Extraordinary Optical Transmission Induced by Excitation of a Magnetic Plasmon Propagation Mode in a Diatomic Chain of Slit-hole Resonators

TL;DR

This study demonstrates that magnetic-resonance nanostructures can induce extraordinary optical transmission through a diatomic chain of slit-hole resonators, revealing a magnetic plasmon mode with broad bandwidth and potential for nonlinear optics.

Contribution

The paper introduces a novel magnetic plasmon propagation mode in a diatomic chain of slit-hole resonators, enabling extraordinary optical transmission at infrared frequencies.

Findings

EOT peaks observed at infrared frequencies

Strong agreement between experimental and theoretical EOT dependence on incident angle

Potential applications in multifrequency nonlinear optical processes

Abstract

In this paper, we will propose that magnetic-resonance nanostructures in a metal surface could be used to realize extraordinary optical transmission (EOT).
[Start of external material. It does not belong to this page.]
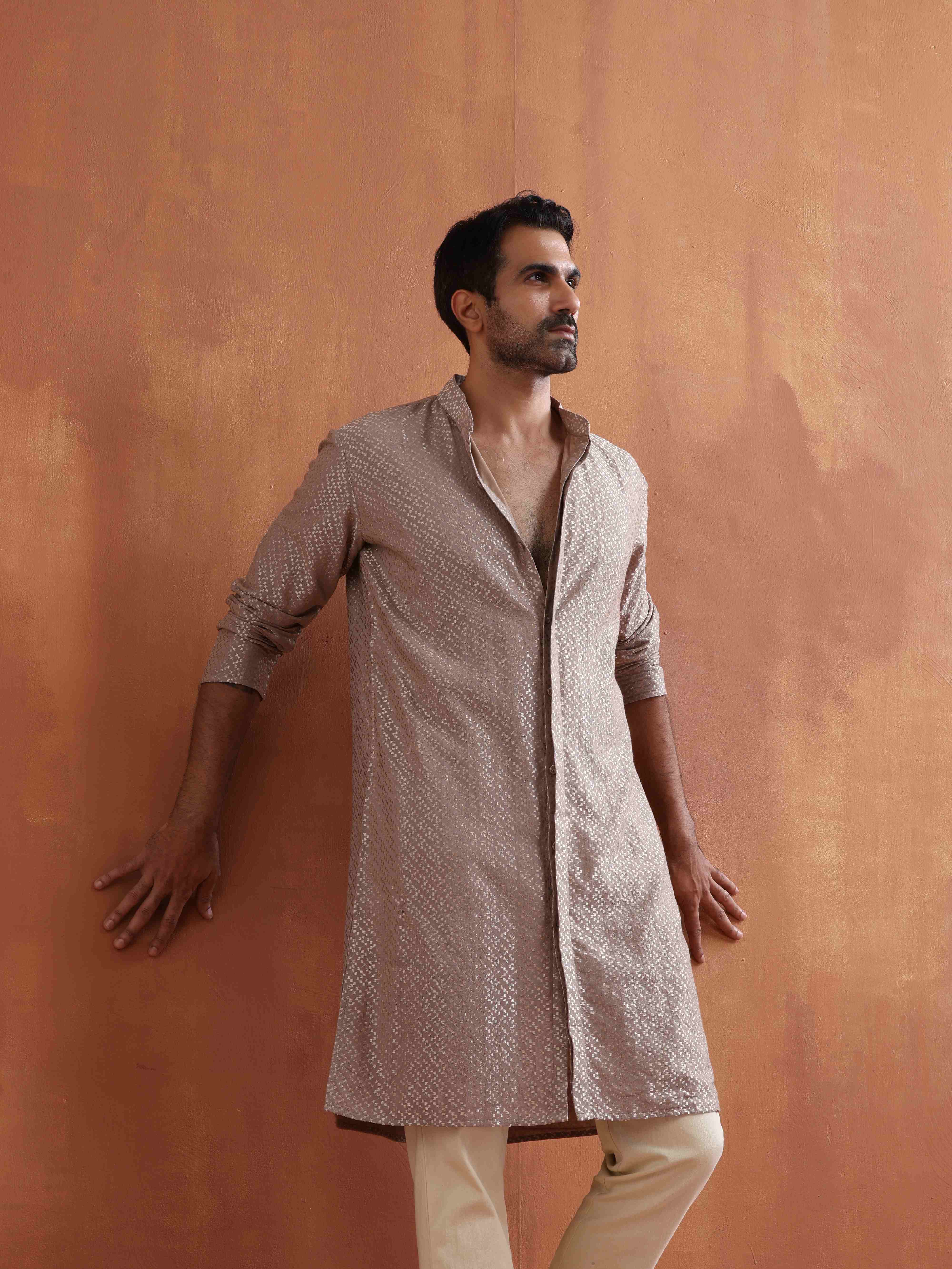 • Upgrade your festive wardrobe with this beige cotton dobby kurta.

Toward this goal, we designed and fabricated a one dimensional diatomic chain of slit-hole resonator (SHR). Due to the strong exchange current interaction, a type of magnetic plasmon (MP) propagation mode with a broad frequency bandwidth was established in this system. Apparent EOT peaks induced by the MP mode were observed in our measured spectra at infrared frequencies. The strongest EOT peak was obtained at 1.07 eV with an incident angle of 20 degree. The measured dependence of EOT peaks on the incident angle coincided with the theoretical results quite well. This proposed MP propagation mode in SHR structure has good potential applications in multifrequency nonlinear optical processes.